/PerseusPOMDP

Perseus solver for olfactory navigation and other POMDPs

Primary LanguagePython

PerseusPOMDP

This is an implementation of the Perseus solver (Spaan and Vlassis 2005) for POMDPs, specifically written for the olfactory navigation problem.

Basic classes

A POMDP is defined by an environment class, which should implement, at a minimum, the following attributes:

  • gamma (float)
  • numactions (integer)
  • numobs (integer)
  • obs (list of possible observations)
  • actions (list of possible actions)

and the following functions:

  • stepInTime(): allows for dynamic environments, for our purposes usually trivial
  • get_g(alpha,action): implements Eq. 10 in Spaan and Vlassis
  • getObs(state)
  • getReward(state,action)

It is often useful to also implement:

  • transition(state,action): yields a new state after the agent takes an action
  • transition_function(belief,action): returns obs probabilities ${\rm Pr}(o|b,a)$ and Bayes updates $\tau(b,a,o)$. used primarily for backup prioritization (Shani et al. 2006).

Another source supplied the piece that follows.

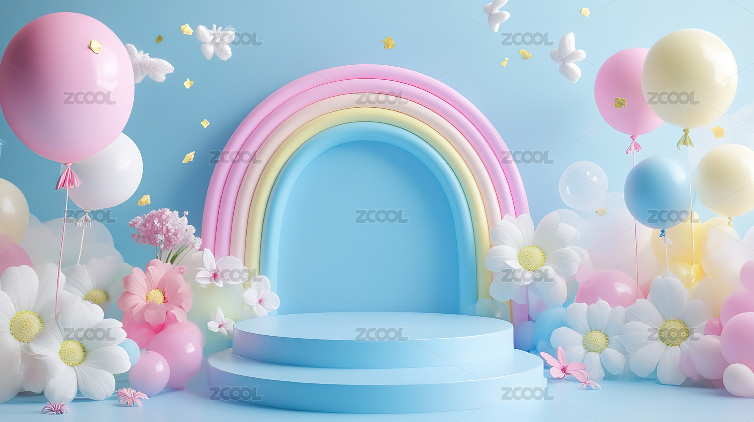 3D卡通花朵彩虹展台电商背景
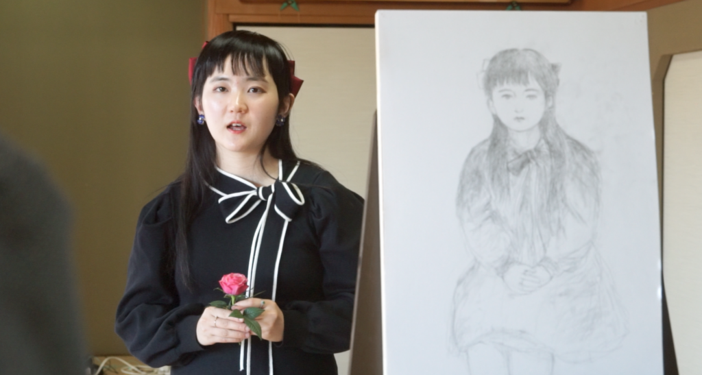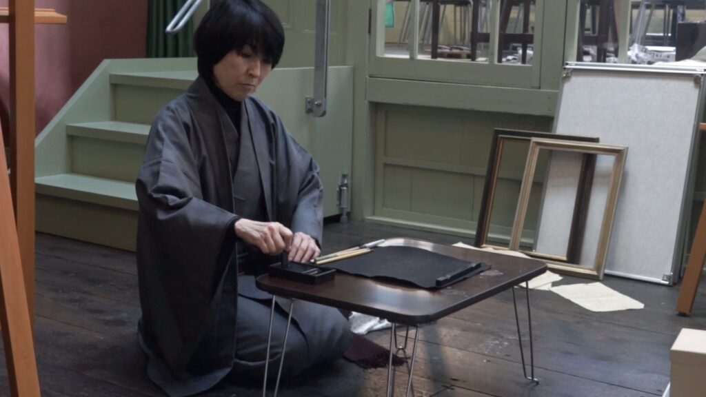 夢野の絵画を見つめる真子。絵画をそっと撫でています。真鈴さんの表情には抒情的な影が現れてきました。

A number of environments are implemented in environment.py, most notably SimpleEnv2D, which is the basic class for 2D olfactory search. Other benchmark POMDPs (TigerGrid, Bayesian Bandits, and Tag) are also implemented but have not been tested recently, so no guarantees are made concerning their continued functionality.

To explore the environment, you need an Agent class member, which takes actions, makes observations, and maintains a belief over states. A function `updateBelief(obs)' must be implemented on a case-by-case basis in order to tell the agent how to do the Bayesian update.

The Agent needs a policy. Policy classes are implemented in policy.py and include many heuristics, as well as policies which are greedy with respect to a value function. The basic function to implement for a policy is getAction(belief).

Perseus

Perseus is implemented in perseus_redux.py. The basic object is a ValueFunction, which consists at its core of a collection of alpha-vectors, called alpha_vec in the code. The function computeOptimal() performs some number of backup iteration steps, terminating either by some choice of convergence tolerance or simply for a specified number of iterations. It is also possible to load previously computed value functions, either using load(file) (from a pickled ValueFunction object) or load_alphas(list) (from a list of alpha_vec objects).

Usage

Two examples of usage are given in main.py, used to construct policies in an isotropic environment with multiple possible detections, and main_windy.py, used to construct policies in a windy environment with one possible detection.

POMDP files

A few 2D search problems have also been included as .pomdp files, using Tony Cassandra's format. These problems are benchmarked in Loisy and Heinonen (2023).